# [Extracted material]
****************

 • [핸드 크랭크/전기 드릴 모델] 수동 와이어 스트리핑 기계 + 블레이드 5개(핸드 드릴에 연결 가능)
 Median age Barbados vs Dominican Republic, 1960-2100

****************

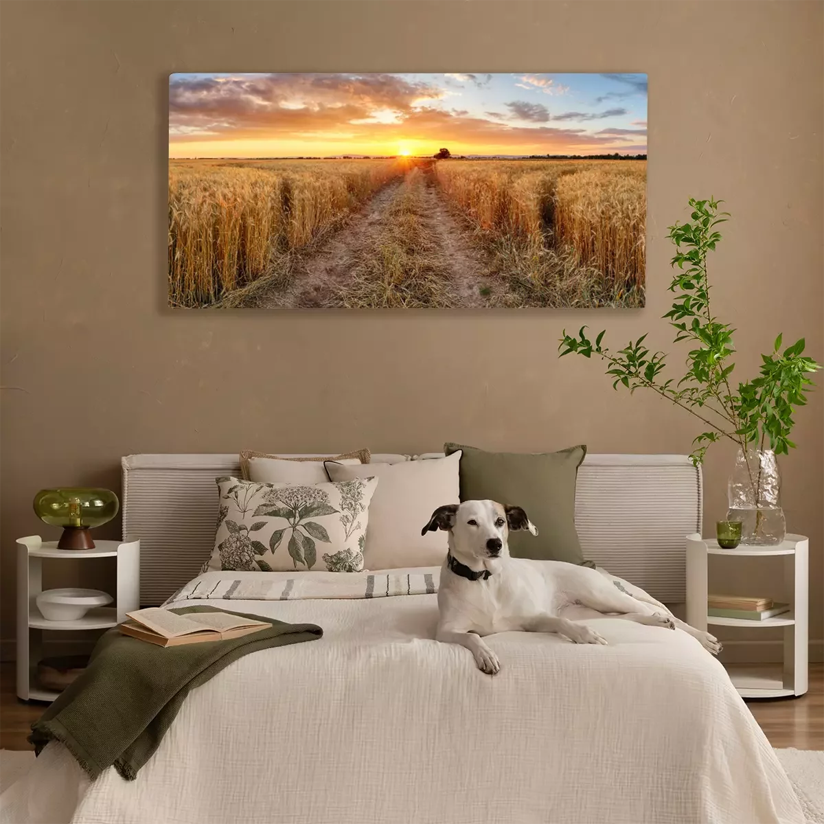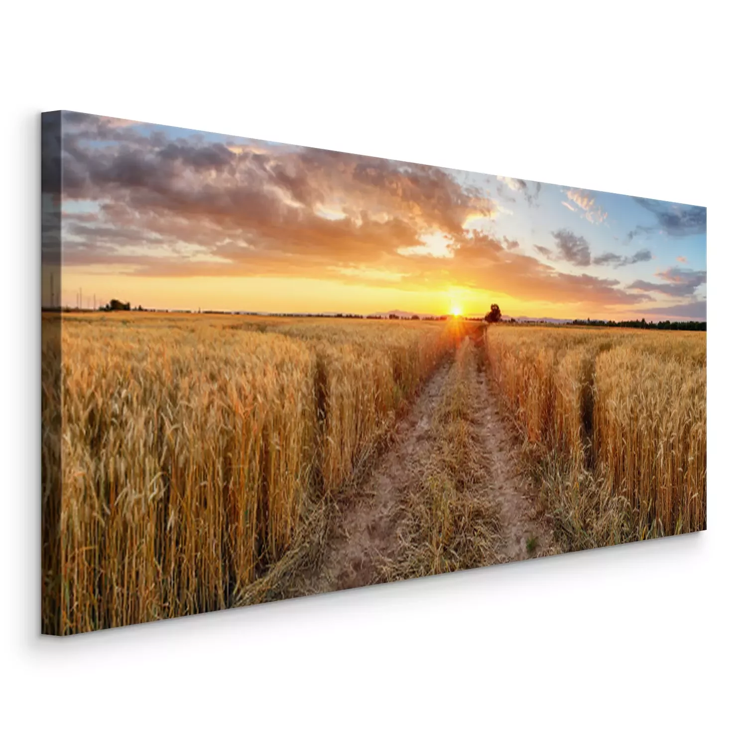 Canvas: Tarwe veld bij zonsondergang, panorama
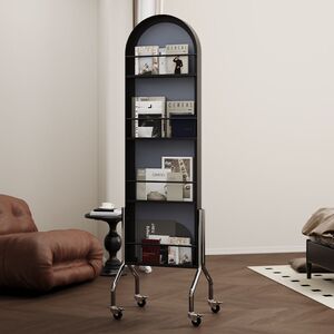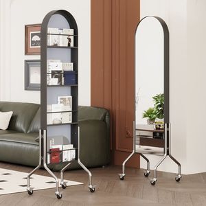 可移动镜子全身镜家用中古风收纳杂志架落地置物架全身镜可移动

****************

# [Assignment]
Print, without alteration, only the lines above between the one holding "5개(핸드 드릴에 연결 가능)" and the one holding "Median age Barbados", inclusive.

# [Task result]
 • [핸드 크랭크/전기 드릴 모델] 수동 와이어 스트리핑 기계 + 블레이드 5개(핸드 드릴에 연결 가능)
 Median age Barbados vs Dominican Republic, 1960-2100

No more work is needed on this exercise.